*EXERCISE*: Restate the records that follow word for word; no pictures should appear.

DATA TO USE: Begin

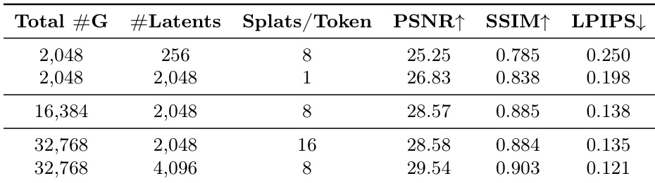 The the the table examines the impact of latent scene representation size and decoder density on reconstruction quality under fixed Gaussian budgets. Results show that increasing the number of latent tokens is more effective than increasing the number of Gaussians per token, with larger latent capacity leading to better performance across metrics. Increasing latent capacity improves reconstruction quality more than increasing Gaussians per token Larger latent representations achieve higher PSNR, SSIM, and lower LPIPS under the same Gaussian budget The trade-off between latent size and decoder density shows diminishing returns for higher decoder density
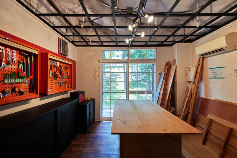 もうひとつは集会所の中にある「DIY-COBO」。団地に住む人が利用できる、DIYを楽しむための設備を整えた工房です。お子さまの成長などライフスタイルの変化に合わせて、自分たちで家具などを製作することができます。
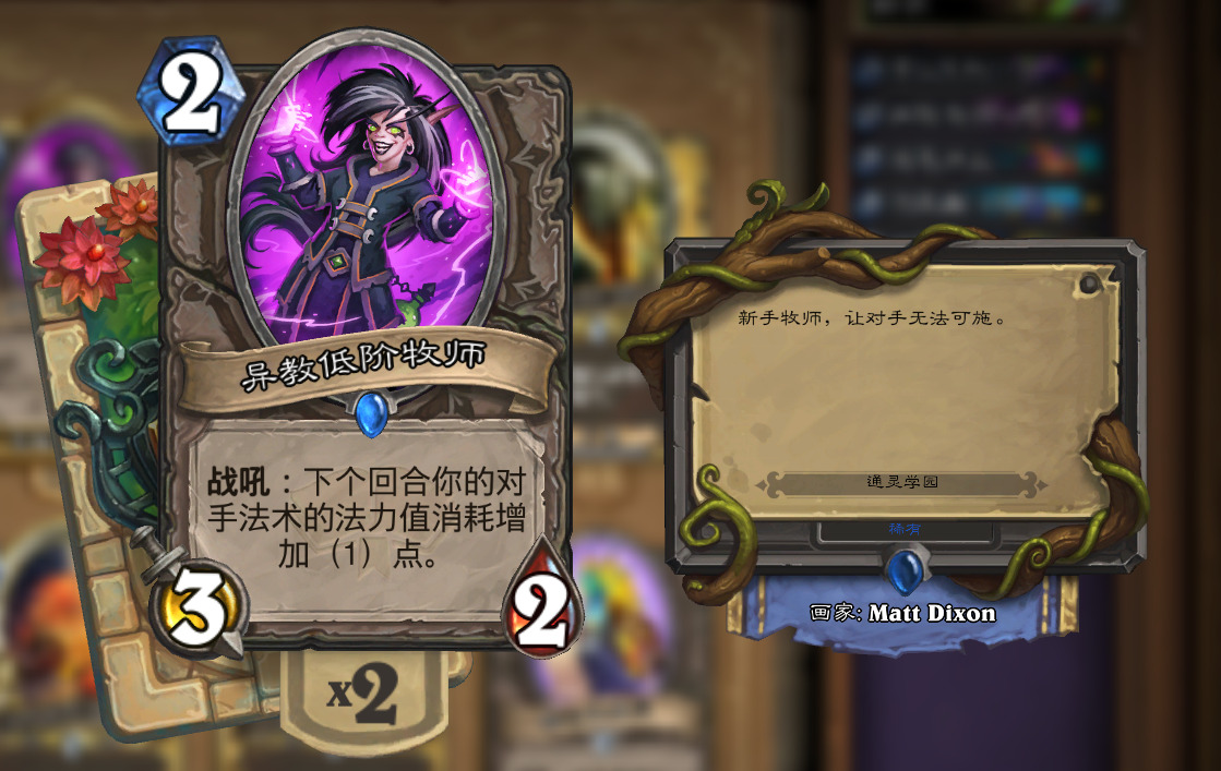 第二张,凯子德杀手蟹 异教低阶牧师,仅仅是一张2费的牌,具有一点都不亏的身材,就能将凯子德的启动回合直接延后一回合?!异教低阶牧师,我的心肝宝贝,具体使用方法放到后面说。
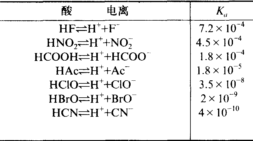 ❷ 弱酸的电离平衡 弱酸在水溶液中也存在电离平衡,如醋酸在水溶液中的电离平衡为: 更确切的表示方法: 应用质量作用定律可得: 因形成H3O+所消耗的水的物质的量与稀溶液中水的总物质的量相比可忽略不计,所以水的物质的量浓度可看做常数,即 Ka称为弱酸的电离常数。Ka基本上不随浓度改变,如醋酸浓度在0.1~0.01mol·L-1范围内时,其Ka值在1.82×10-5与1.80×10-5之间。一元弱酸的电离常数见表2。
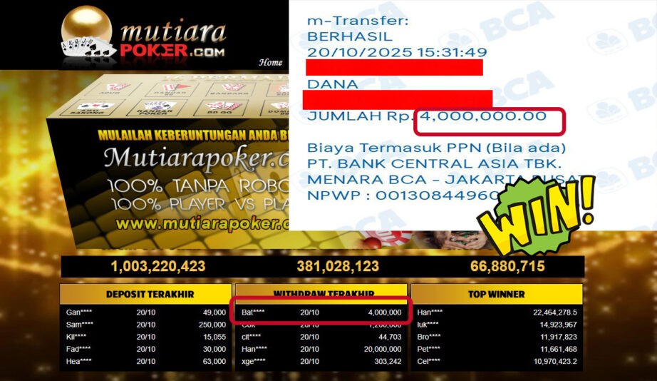 Bukti Withdraw ( 4,000,000,- ) Member Setia MutiaraPokerc
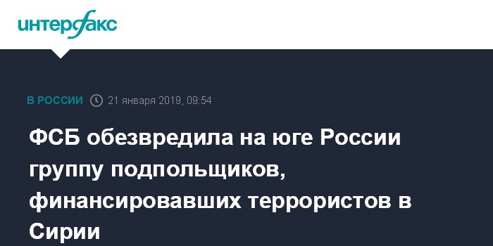 Москва. 21 января. INTERFAX.RU - Сотрудники Федеральной службы безопасности (ФСБ) обезвредили на юге России управляемую из Сирии группу, финансировавшую террористическую организацию ИГ (запрещена в РФ), сообщили в Центре общественных связей (ЦОС) ведомства.
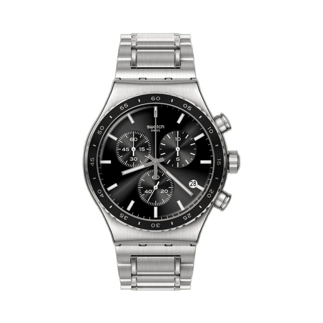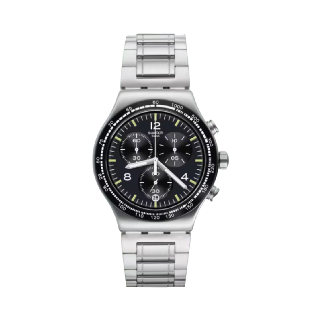 스와치 아이러니 앳 나이트 43mm 쿼츠 실버 블랙
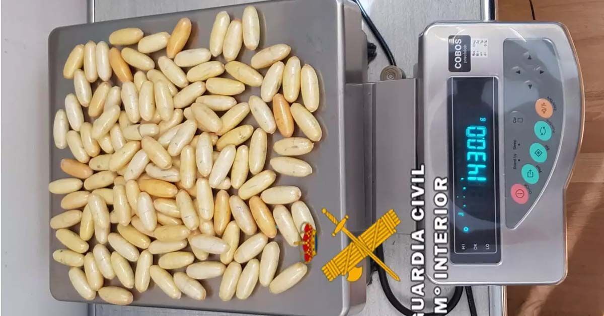 Una vez expulsadas de su organismo, se contabilizaron un total de 124 cápsulas que arrojaron un peso total de 1,430 kilogramos de una sustancia que resultó ser cocaína, por lo que procedió a su detención y puesta a disposición judicial.
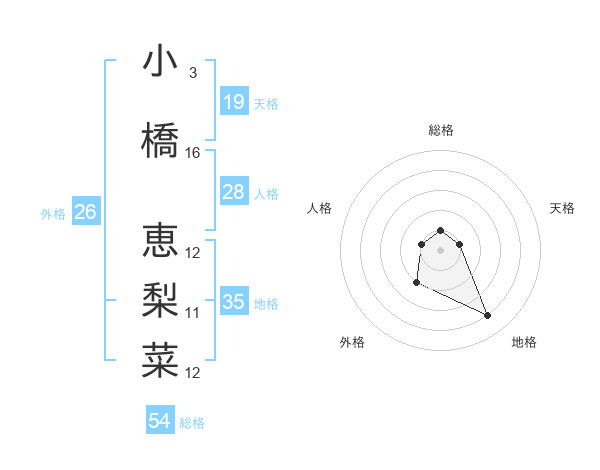 小橋 恵梨菜さんを姓名の画数から五運を鑑定

DATA TO USE: End

*RESULT*:
 The the the table examines the impact of latent scene representation size and decoder density on reconstruction quality under fixed Gaussian budgets. Results show that increasing the number of latent tokens is more effective than increasing the number of Gaussians per token, with larger latent capacity leading to better performance across metrics. Increasing latent capacity improves reconstruction quality more than increasing Gaussians per token Larger latent representations achieve higher PSNR, SSIM, and lower LPIPS under the same Gaussian budget The trade-off between latent size and decoder density shows diminishing returns for higher decoder density
 もうひとつは集会所の中にある「DIY-COBO」。団地に住む人が利用できる、DIYを楽しむための設備を整えた工房です。お子さまの成長などライフスタイルの変化に合わせて、自分たちで家具などを製作することができます。
 第二张,凯子德杀手蟹 异教低阶牧师,仅仅是一张2费的牌,具有一点都不亏的身材,就能将凯子德的启动回合直接延后一回合?!异教低阶牧师,我的心肝宝贝,具体使用方法放到后面说。
 ❷ 弱酸的电离平衡 弱酸在水溶液中也存在电离平衡,如醋酸在水溶液中的电离平衡为: 更确切的表示方法: 应用质量作用定律可得: 因形成H3O+所消耗的水的物质的量与稀溶液中水的总物质的量相比可忽略不计,所以水的物质的量浓度可看做常数,即 Ka称为弱酸的电离常数。Ka基本上不随浓度改变,如醋酸浓度在0.1~0.01mol·L-1范围内时,其Ka值在1.82×10-5与1.80×10-5之间。一元弱酸的电离常数见表2。
 Bukti Withdraw ( 4,000,000,- ) Member Setia MutiaraPokerc
 Москва. 21 января. INTERFAX.RU - Сотрудники Федеральной службы безопасности (ФСБ) обезвредили на юге России управляемую из Сирии группу, финансировавшую террористическую организацию ИГ (запрещена в РФ), сообщили в Центре общественных связей (ЦОС) ведомства.
 스와치 아이러니 앳 나이트 43mm 쿼츠 실버 블랙
 Una vez expulsadas de su organismo, se contabilizaron un total de 124 cápsulas que arrojaron un peso total de 1,430 kilogramos de una sustancia que resultó ser cocaína, por lo que procedió a su detención y puesta a disposición judicial.
 小橋 恵梨菜さんを姓名の画数から五運を鑑定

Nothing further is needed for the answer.